Could Height Disadvantage Hurt Kansas State's NCAA Tournament Potential?

By Taylor Sturm
Brendan Maloney-USA TODAY Sports

The Kansas State Wildcats are one win against the Oklahoma State Cowboys away from either winning the Big 12 title outright or at least sharing it with the Kansas Jayhawks. The Wildcats are ninth in the country in assists and are one of the most unselfish teams in the country, as well as being a very good team at stealing the ball.

However, Kansas State’s tallest player getting more than nineteen minutes a game is only 6’7,  and the lack of tall players may hinder the Wildcats once the tournament begins.

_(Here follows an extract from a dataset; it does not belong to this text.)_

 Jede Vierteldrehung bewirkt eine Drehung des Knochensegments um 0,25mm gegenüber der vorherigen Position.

No one is arguing that Kansas State isn’t an athletic team, but look at the losses to Kansas. They were outrebounded both times. In one of the two games they were outrebounded by 19 on the boards, and Kansas’ two taller starters combined for 30 points over the Wildcats’ Jeff Withey and Kevin Young. It’s not just against Kansas; the Wildcats have been outrebounded in every loss this season.

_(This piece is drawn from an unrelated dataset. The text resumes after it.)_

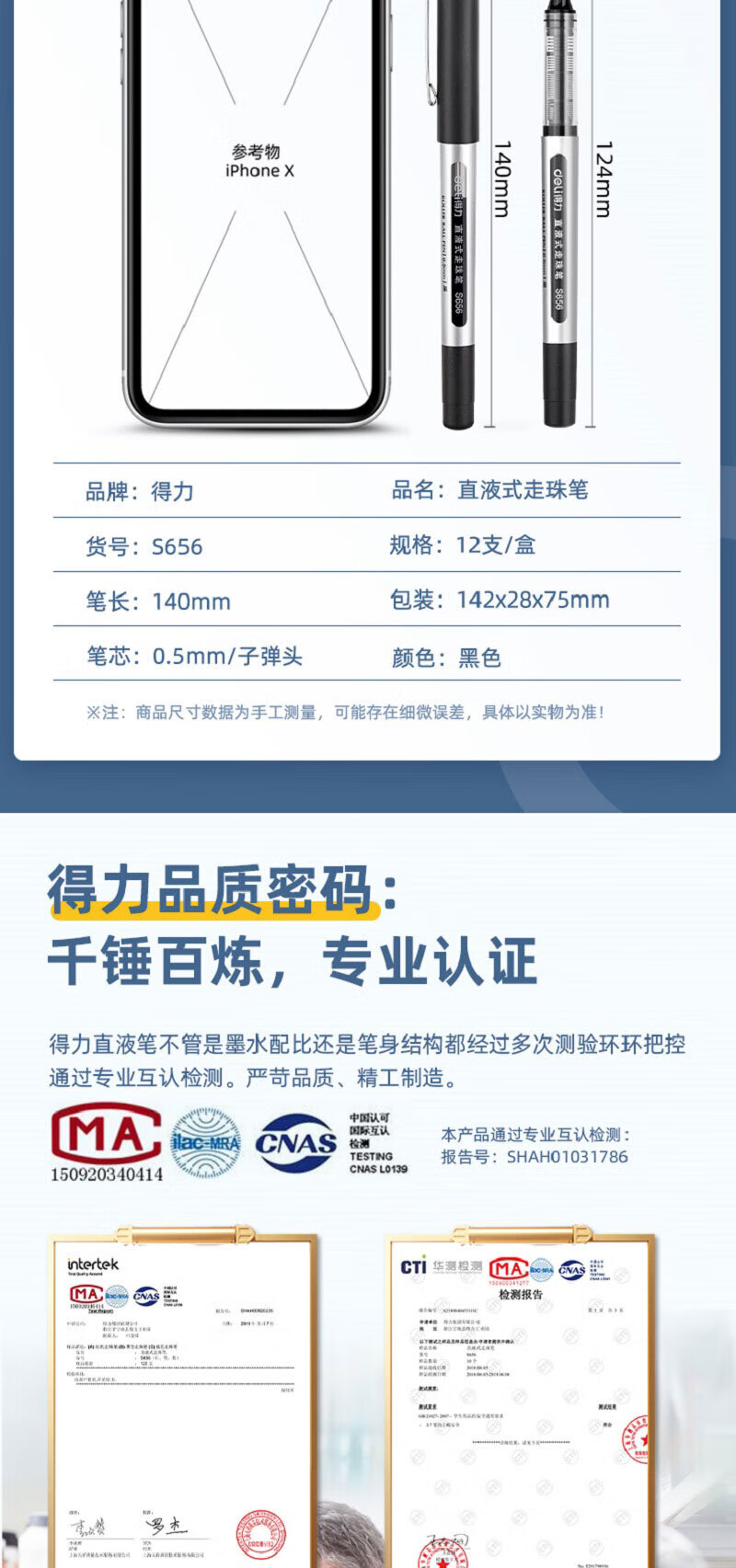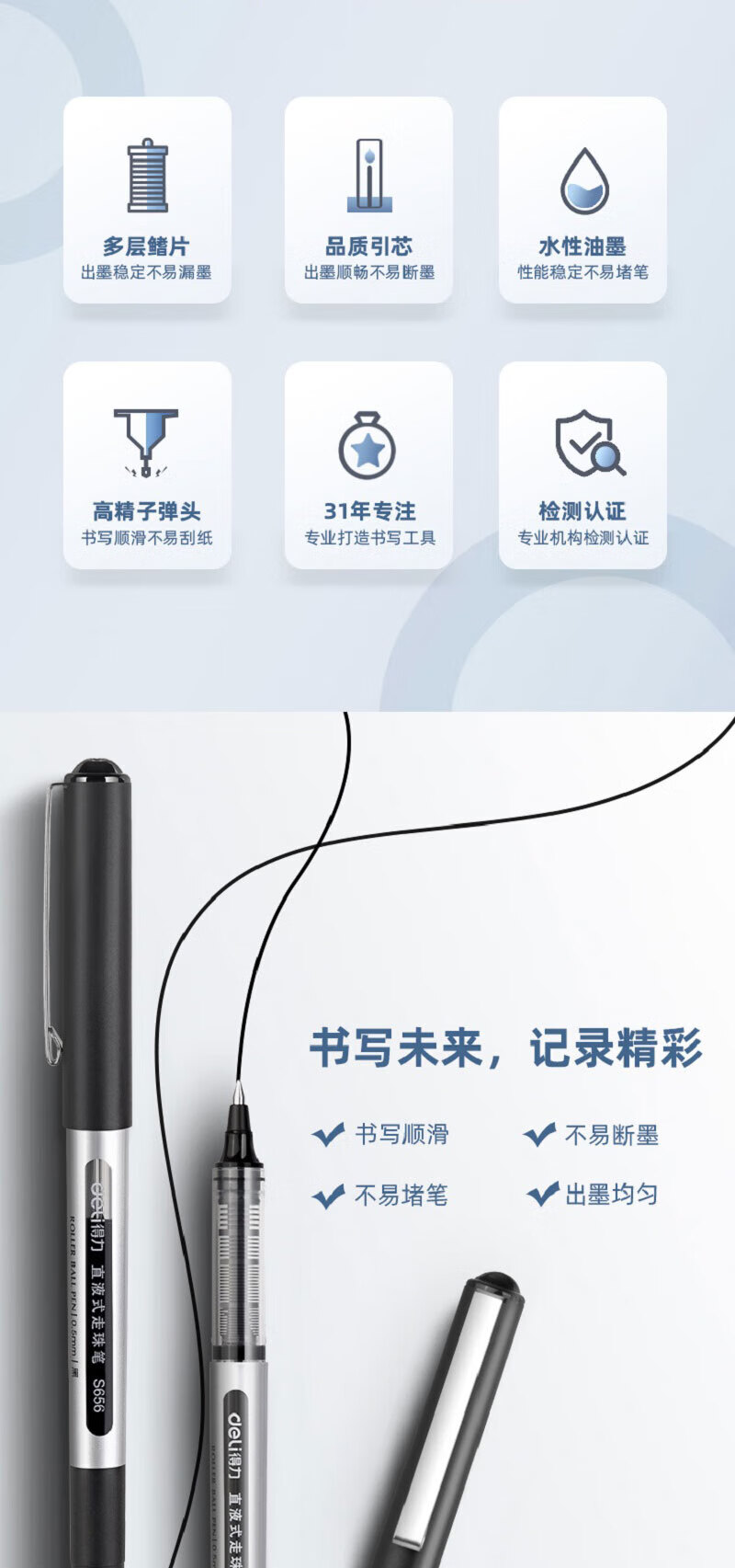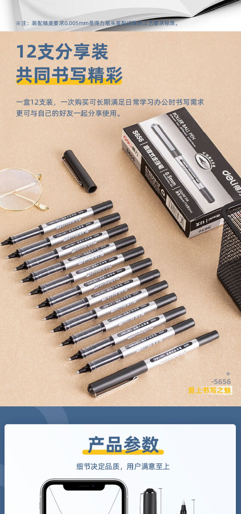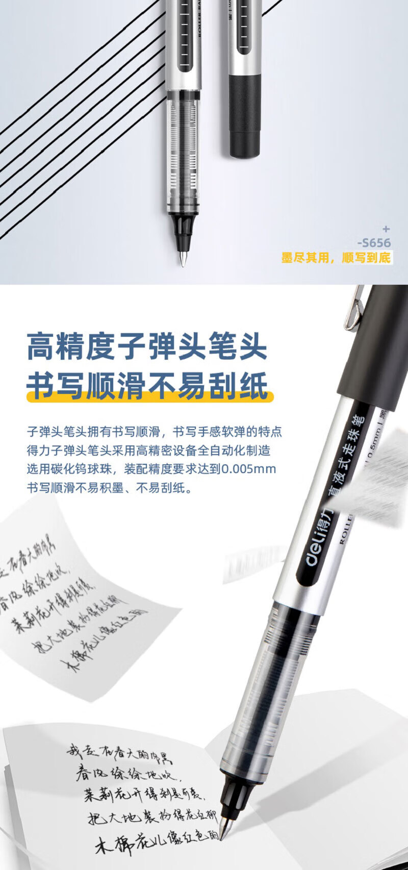 • 商品名称:得力S656 直液式走珠签字笔 子弹头水性笔 0.5mm商务办公用经典黑色中性笔 3盒装 12支/盒 S656 /个

Kansas State has the potential to do some amazing things in the NCAA tournament. However, the team must understand its limits physically, and play to its advantages and away from its disadvantages. The Wildcats cannot try and play down low with teams that have a roster with a height advantage. Kansas State is best at passing and if the Wildcats want to beat taller teams in the NCAA tournament, they will have to consistently move the ball around as frequently as they have all season during every tournament game.